Source paper: ClearDepth: Enhanced Stereo Perception of Transparent Objects for Robotic Manipulation (arXiv:2409.08926)
Project page: https://sites.google.com/view/cleardepth

FiftyOne Dataset Structure#

Media type: group

Default group slice: left

Groups and slices#

There are 204 groups. Each group links one or more slices of the same scene:

Slice	Media type	Description
`left`	`video`	Left stereo camera as an H.264 MP4
`right`	`video`	Right stereo camera as an H.264 MP4
`reconstruction`	`3d`	Merged RGB-colored point cloud (`scene.fo3d`), if reconstruction has been run

Switch slices in the FiftyOne App to view the left video, right video, or 3D reconstruction for the same scene. The left and right slices carry identical sample metadata and matching frame-aligned labels for their respective eyes.

Sample-level fields#

Present on the video slices (left, right) and partially mirrored on reconstruction:

Field	Type	Description
`scene_name`	string	Unique scene id, e.g. `bathroom001_0000_circle000`
`room_type`	string	Room category (`bathroom`, `diningroom`, `kitchen`, `livingroom`)
`room_id`	string	Numeric room id within the category
`room_name`	string	Combined room label, e.g. `bathroom001`
`scene_variant`	string	Scene variant index from the source export
`circle_id`	string	Camera trajectory / circle index
`scene_objects`	list	Objects in the scene; each entry has `object_id`, `category`, `name`, and `transform`
`object_categories`	list	Sorted unique object categories in the scene
`tags`	list	`["reconstruction"]` on the `reconstruction` slice only

The reconstruction slice repeats the scene metadata fields above but has no frame labels.

Frame-level fields (video slices only)#

Labels are attached to frames on left and right only:

Field	FiftyOne type	Description
`depth`	`Heatmap`	Metric depth stored as a 16-bit PNG (millimeters on disk). App heatmap range defaults to 0–3000 mm. Decode to meters with `depth_m = png_mm / 1000`.
`normal`	`Heatmap`	RGB-encoded surface normal PNG. Directions use the standard mapping `pixel = 127.5 * (normal + 1)` with unit-length normals.
`segmentation`	`Segmentation`	Per-pixel instance segmentation mask PNG
`camera_pose`	list	4×4 camera-to-world pose matrix for that frame

Depth and normal fields reference PNG files on disk via absolute map_path values inside the Heatmap / Segmentation documents.

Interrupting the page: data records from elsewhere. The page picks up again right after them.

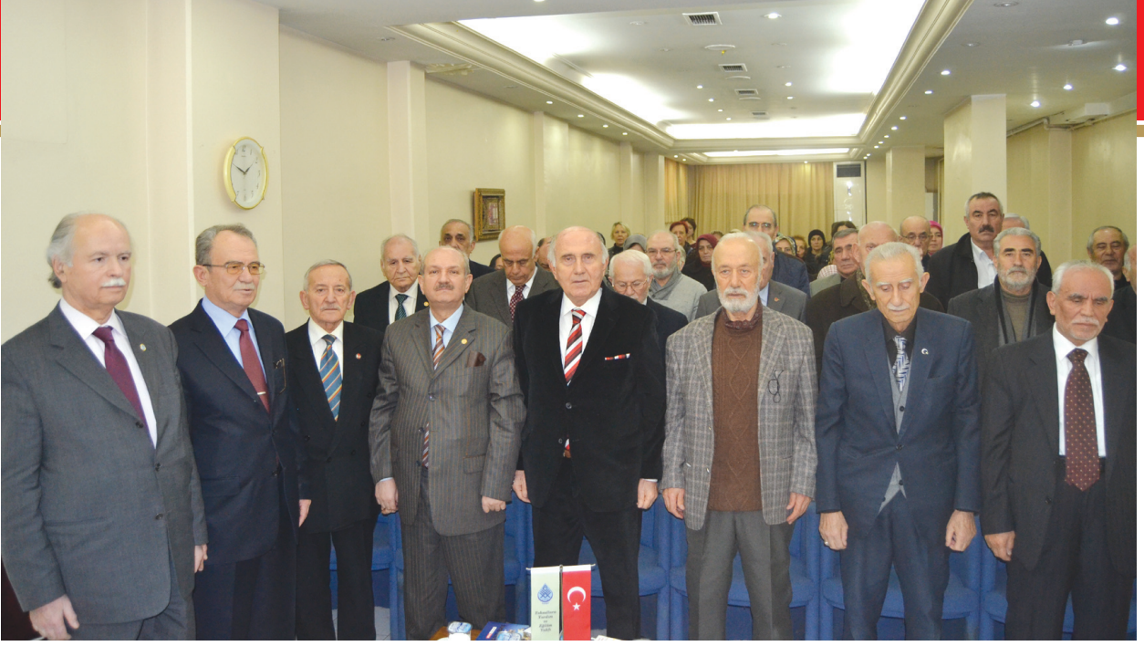
Program, saygı duruşu ve İstiklâl Marşı ile başladı.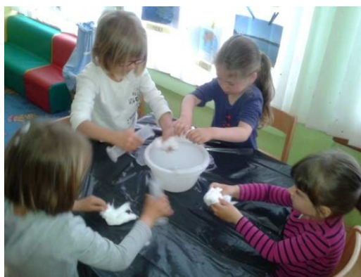
Slika 2. Igra vodom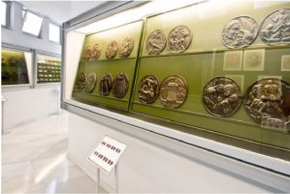
Vitrinas en el Museu Enrique Giner de Nules.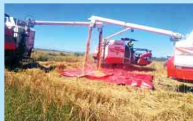
စာမျက်နှာ >> ၁၀

စက်မှုလယ်ယာဦးစီးဌာနက ရခိုင်ပြည်နယ်အတွင်း မိုးစပါးရိတ်သိမ်းခြွေလှေ့ခြင်း လုပ်ငန်းဆောင်ရွက်လျက်ရှိ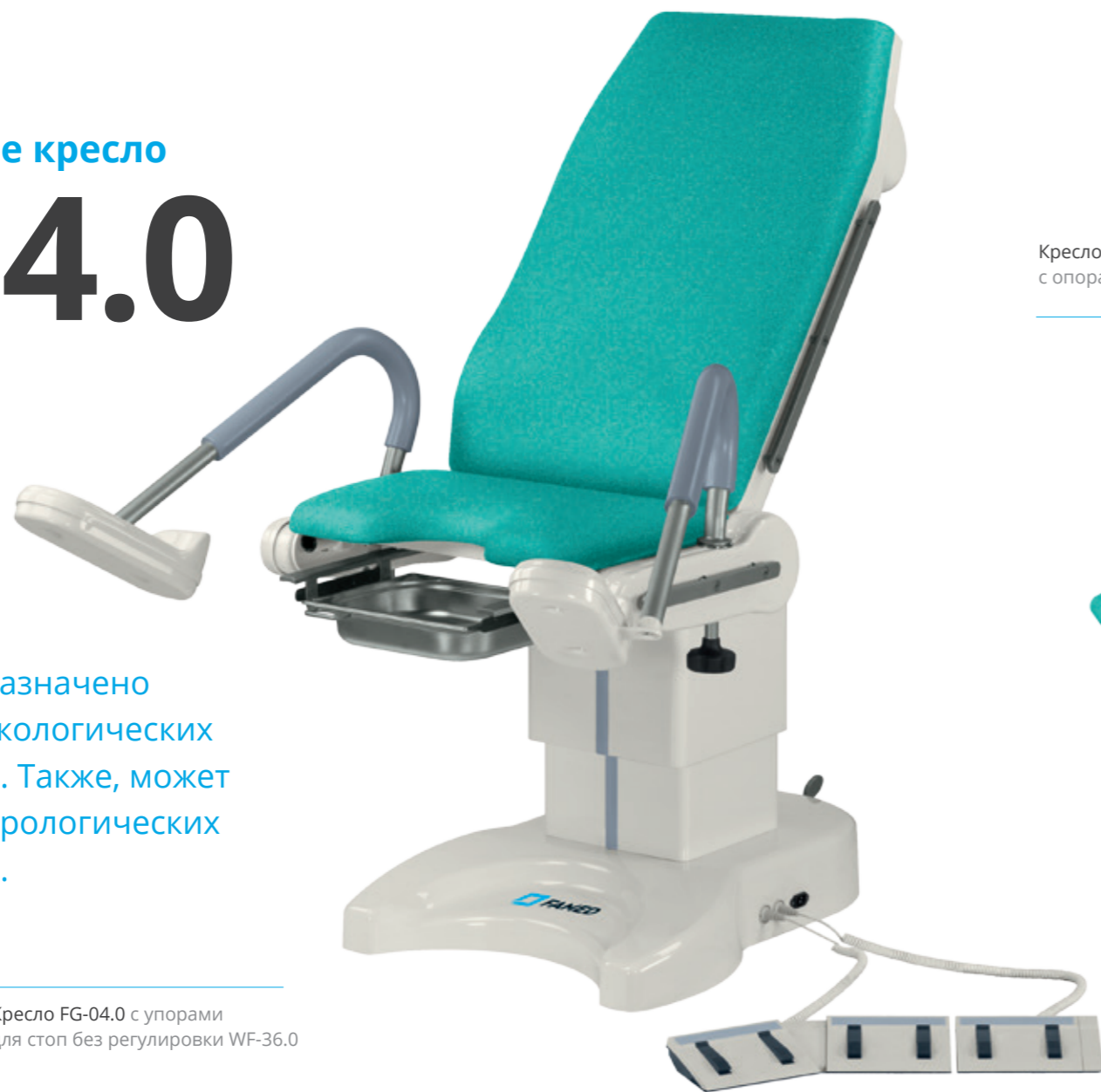
Кресло FG-04.0 с упорами для стоп без регулировки WF-36.0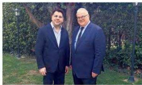
Ο Αμερικανός πρεσβευτής στην Αθήνα, Τζορτζ Τσουνής, μιλά στον Μιχάλη Ψύλο.

«Δυστυχώς, η Μόσχα συνεχίζει επίσης να τροφοδοτεί με τεχνικά μέσα φθινό φυσικό αέριο την ευρωπαϊκή αγορά, υπονομιώντας τις προσπάθειες που διασφαλίζουν ότι αυτές οι νέες εναλλακτικές διαδρομές παραμένουν εμπορικά βιώσιμες. Πρέπει να παραμεινουμε επικεντρωμένοι στην αλήθεια: Το ρωσικό φυσικό αέριο δεν είναι φθινό - έχει ένα πολύ υψηλό πολιτικό τίμημα, που θέτει σε κίνδυνο τη συλλογική μας ασφάλεια. Πρέπει να συνεχίσουμε να υποστηρίζουμε τις προσπάθειες για τη διαφοροποίηση των διαδρομών φυσικού αερίου στην περιοχή, όπως είναι η πρωτοβουλία για τον Κάθετο Διάδρομο. Τα έργα αυτά -όταν ολοκληρωθούν και αξιοποιηθούν πλήρως- θα παράσχουν, στις χώρες από την Ελλάδα έως την Ουκρανία, μια ασφαλή και οικονομικά προσιτή πηγή ενέργειας, που δεν ενέχει τους υψηλούς κινδύνους του ρωσικού φυσικού αερίου».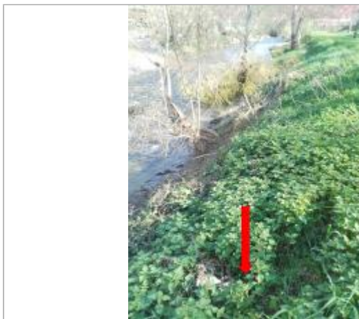
Berge rive gauche de l'Hers après la confluence avec le Chalabreil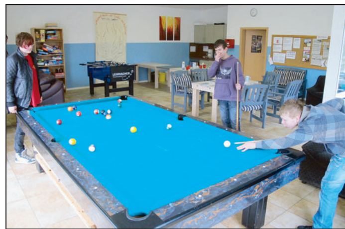
In der Schulstation und dem Jugendtreff gibt es vielfältige Angebote für Kinder und Jugendliche.

Auch die Vermittlung von sozialen Kompetenzen wie Teamarbeit und Klassenregeln und Hilfe bei der Berufsorientierung sind Aufgabe der Schulstation. „Wir helfen den Schülern bei dem Schreiben von Bewerbungen

There are no bounding-box or classification labels. Supervision is dense per-pixel depth, normals, segmentation, plus per-frame camera pose and scene-level object metadata.

3D Reconstruction Slice#

When reconstruction has been added, each group includes a reconstruction slice pointing at a FiftyOne scene.fo3d file that wraps one merged RGB-colored point cloud for the whole scene (not one cloud per frame).

The cloud is built by back-projecting depth from the left camera across all frames, coloring points from the corresponding RGB images, and merging them into a single scene-level point cloud. It is intended for interactive 3D viewing in FiftyOne, not watertight mesh reconstruction.

Direct Use#

Suitable for:

Exploring stereo transparent-object scenes in FiftyOne
Training or evaluating dense depth / normal / segmentation models
Inspecting camera motion and scene object layout
Comparing left vs. right stereo views and 3D reconstructions side by side

Out-of-Scope Use#

Real-world deployment without adaptation: source data is synthetic
Object detection benchmarks: only dense pixel labels and scene object lists are provided
Metric grasp planning from reconstruction alone: the 3D slice is a merged point cloud for visualization, not a calibrated manipulation pipeline

Citation#

If you use the source ClearDepth dataset or method, cite:

@article{bai2024cleardepth,

  title={ClearDepth: Enhanced Stereo Perception of Transparent Objects for Robotic Manipulation},

  author={Bai, Kaixin and Zeng, Huajian and Zhang, Lei and Liu, Yiwen and Xu, Hongli and Chen, Zhaopeng and Zhang, Jianwei},

  journal={arXiv preprint arXiv:2409.08926},

  year={2024}

}

@article{bai2025stereoanything,

  title={StereoAnything: Advanced Zero-Shot Stereo Imaging for Multi-Finger Grasp Detection with Transparent Objects},

  author={Bai, Kaixin and Zhang, Lei and Liu, Yiwen and Chen, Zhaopeng and Zhang, Jianwei},

  journal={Authorea Preprints},

  year={2025},

  doi={10.36227/techrxiv.174612328.83478240/v1},

url={https://doi.org/10.36227/techrxiv.174612328.83478240/v1},

  publisher={Authorea}

}